La quarantena vera e propria scatta con almeno tre casi di positivi in classe. Alunni e docenti che hanno svolto attività in presenza, dopo aver fatto il primo tampone, anche se negativo, vanno infatti in quarantena. L’isolamento dura 7 giorni per i vaccinati e 10 per i non vaccinati.

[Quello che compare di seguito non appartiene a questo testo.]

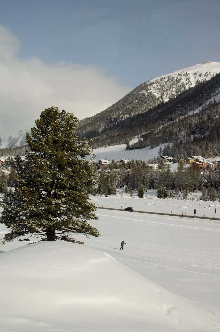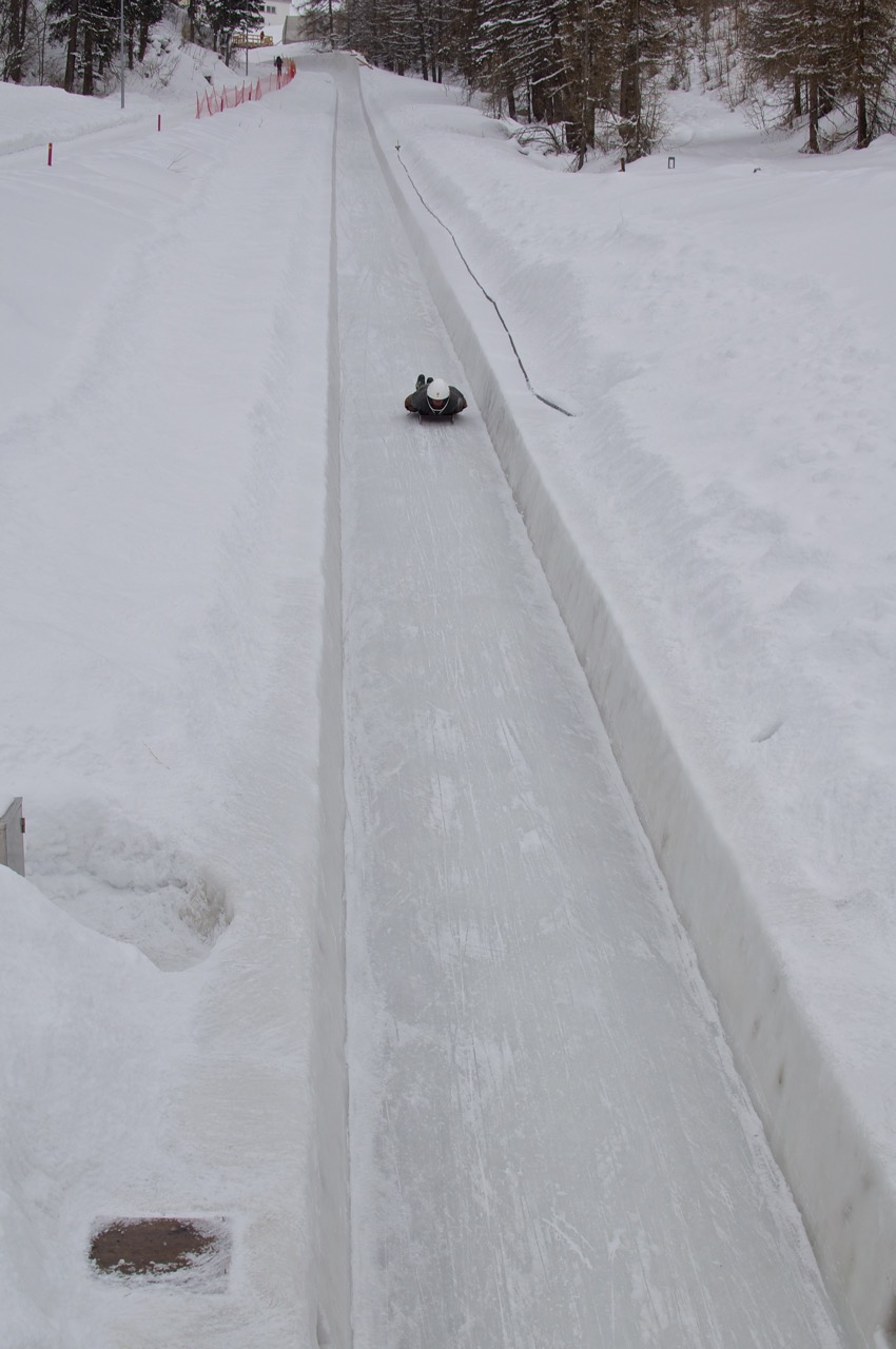 Am letzten Tag ging es nach abermaligem Schneefall zum Wandern ins Oberengadin (Samedan/St. Moritz), wo wir auf dem Olympia Bobrun St. Moritz–Celerina Skeleton-Fahrern zusahen und einen spektakulären Abflug aus dem Eiskanal (leider ohne Foto) beobachteten.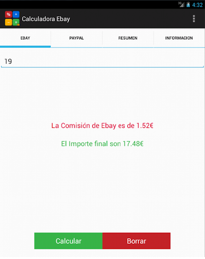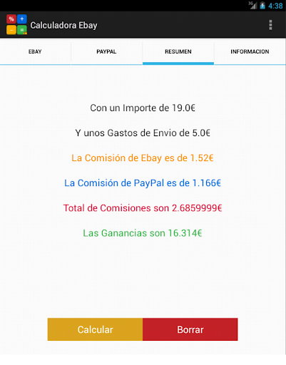 ![]() Hay algunas versiones de calculadora ebay pero la gran mayoria estan configuradas con ebay UK y queria una para ebay España. Bueno, lo primero decir que el objetivo de la aplicacion era aprender a hacer una App en Android y depaso tener una aplicacion que me calculara las comisiones de ebay y paypal para publicar anuncios y no estar multiplicando cada vez por tres para obtener el beneficio y cuanto perdería en comisiones si lo vendiera a tal precio y tal... En futuro me gustaría mejorarla y que mejor manera de hacerlo que conociendo sus puntos débiles que seguro que encontrareis , pero aún así estoy satisfecho del resultado sin tener ni idea de nada.Saludos CALCULADORA EBAY Descripción Con esta aplicación podrás calcular las comisiones de venta de tus productos en Ebay, así como, las comisiones por recibir pagos a través de PayPal. Una misma aplicación que integra ambas funciones y que puede ser utilizada para calcular las comisiones por separado o para una misma venta. Es importante leer el apartado de información para saber como funciona la aplicación. Hay dos formas de utilizar esta aplicación y que se explican detalladamente a continuación: a) Se puede utilizar para calcular las comisiones de Ebay por venta realizada, ya sea en formato subasta o de compra, obteniendo la comisión a pagar a Ebay y la diferencia obtenida por el importe introducido. Y también se pueden obtener las comisiones de PayPal por pagos recibidos y la diferencia respecto al importe introducido. Todo ello se realiza por separado en cada sección. b) Y si se quiere obtener las comisiones de Ebay y PayPal para una misma venta se ha de seguir los pasos que se indican en la sección información de la aplicación, y que se detallan a continuación: 1) Introducir en la sección Ebay un importe de venta final y calcular. 2) Introducir en la sección PayPal el importe total, es decir, el importe de venta final más los gastos de envío. 3) Entrar en la sección Resumen y pulsar el botón Calcular para obtener las comisiones de Ebay y PayPal desglosadas para esa venta, así como las comisiones totales y ganancias obtenidas por la venta. Esta aplicación se basa en la información aportada por Ebay España y PayPal España. Podeis probarla desde aqui |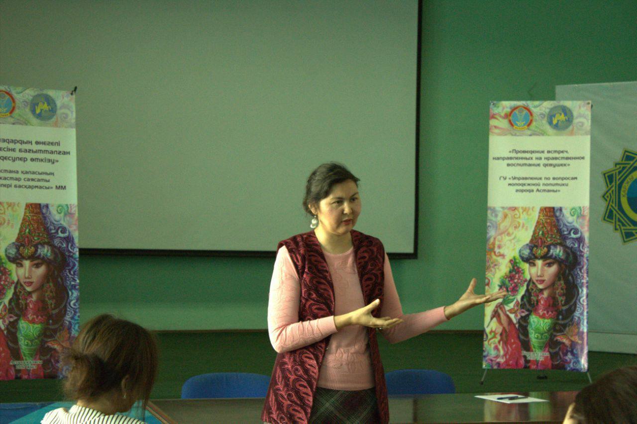 Сондай шаралардың бірі, Астана қаласының жастар саясаты мәселелері басқармасының қолдауымен «Әлем» волонтерлік орталығы» ЗТБ-ы ағымдағы жылдың сәуір және қараша аралығында «Қыздардың өнегелі тәрбиесіне бағытталған кездесулер өткізу»жобасын өткізген болатын.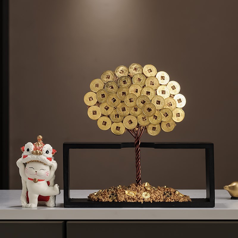 八方来财摇钱金钱发财树摆件开业店铺前台办公室装饰品乔迁礼品

Vaccini fascia 5-11 anni: alcune informazioni

La vaccinazione pediatrica partirà dal prossimo16 dicembre. E’ quanto rende noto la struttura commissariale presieduta dal generale Francesco Paolo Figliuolo. Con la recente approvazione dell’Aifa (Agenzia Italiana del Farmaco) circa l’utilizzo del vaccino per la fascia di età 5-11 anni. Sono state messe a disposizione 1,5milioni di dosi pediatriche di vaccino mRNA –Pfizer; si tratta di una tipologia di vaccino che viene somministrata anche a chi ha intolleranze o allergie a farmaci e ad alimenti (salvo intolleranze, allergie o patologie specifiche che impediscano la somministrazione del siero in questione), quindi la vaccinazione con mRNA-Pfizer risulta ancor più “sicura”. Si tratta comunque di una “dose ridotta” rispetto a quella normalmente somministrata agli adulti e cioè 1/3 della dose standard. L’ospedale pediatrico “Bambino Gesù” di Roma fa sapere che, come per le altre fasce di età, è prevista la somministrazione di due dosi per iniezione intramuscolare (nella parte superiore del braccio), a distanza di tre settimane l’una dall’altra.